+++ Supplied material

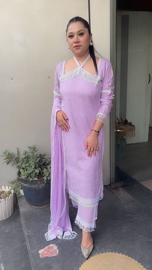 Kanjak Lavander Crisscross Designer Suit
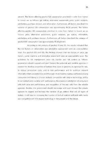 variance of gasohol E20 consumption was approximately 86.30 percent. The factors
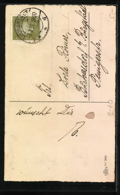 Personenbezogene Daten auf der Rückseite der Karte wurden durch blauen Textmarker unkenntlich gemacht. Die blauen Stellen sind auf die Vorderseite durchgeweicht und wirken sich negativ auf das Postkartenfoto aus

++++++

**Instructions to follow**:
Omit the pictures and reproduce the listing exactly.

**Answer for the task**:
 Kanjak Lavander Crisscross Designer Suit
 variance of gasohol E20 consumption was approximately 86.30 percent. The factors
 Personenbezogene Daten auf der Rückseite der Karte wurden durch blauen Textmarker unkenntlich gemacht. Die blauen Stellen sind auf die Vorderseite durchgeweicht und wirken sich negativ auf das Postkartenfoto aus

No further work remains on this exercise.